Communication between Server and Client mainly transmits data through two fixed ports, which are 2776 and 2777 ports, which are allocated to ridgeway by IANA institutions.
When the private network is started:
1. It establishes a fixed connection to transfer control and status information with 2776 ports on the Server;
2. It monitors the private network H.323 gatekeeper registration and request information;
When a terminal starts:
1. The terminal transmits the registration information to the center gateway through the connection between Client / Server.
2. Server assigned to each registered terminal a unique port number (corresponding to the IP address of the Server).
When a terminal calls another terminal outside the firewall, all packets are routed to the server through the client, and the returned data is also returned from the server via the Client route back to the terminal. When the call is created, the client ensures that all required firewalls are kept open so that audio and video data can be transmitted through the channels open on these firewalls.

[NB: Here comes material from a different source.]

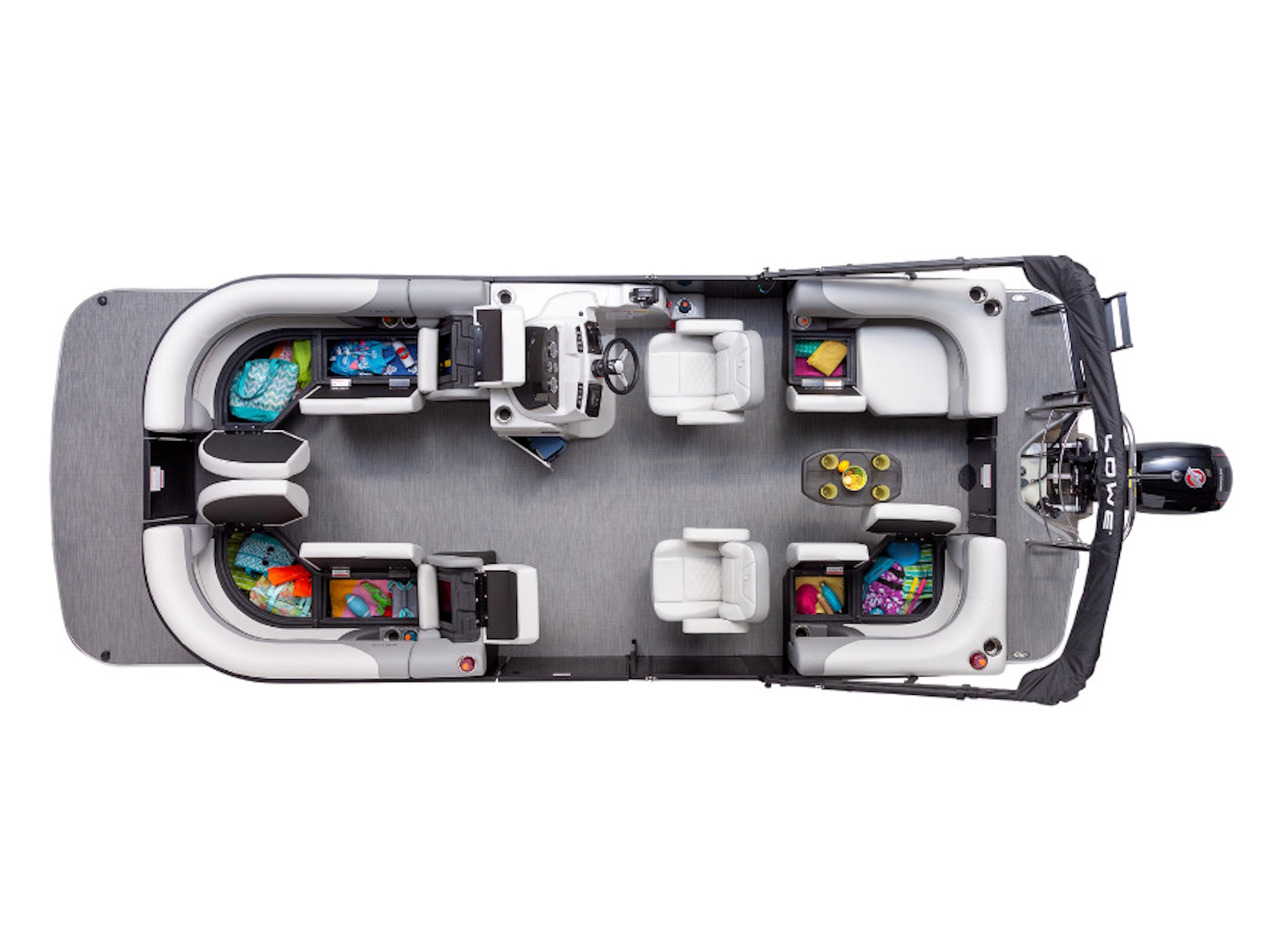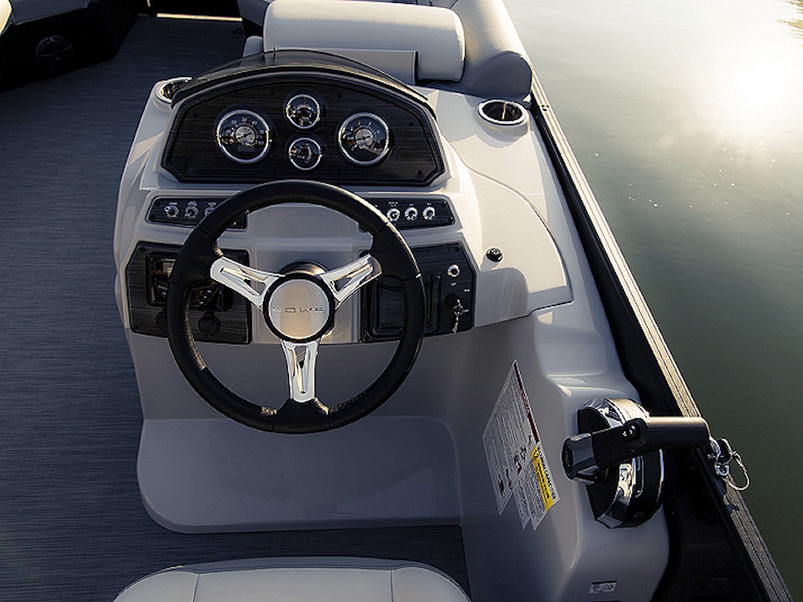 Our SS pontoons feature handsome fiberglass consoles with GPS gauges, a premium chrome steering wheel with a comfortable and confident rubber wheel, and ready access to all the captain's electronics.

Using this method IP address information is well shielded because all packets are forwarded through Server, each terminal seems to be in direct and server, not with other terminals, which guarantees the terminal. The IP address is not available outside the network. And this method does not have to make any modifications to the firewall configuration in most cases. For those of those firewall settings to open outward ports, administrators can create simple principles to allow outward connections to both Client to Server 2776 and 2777. The maximum disadvantage of this method is that all firewalls must be transferred via Server, which can cause potential bottlenecks, which increases less than 5ms from the process of client and server. But this is a must, because Server is the unique trust of the firewall.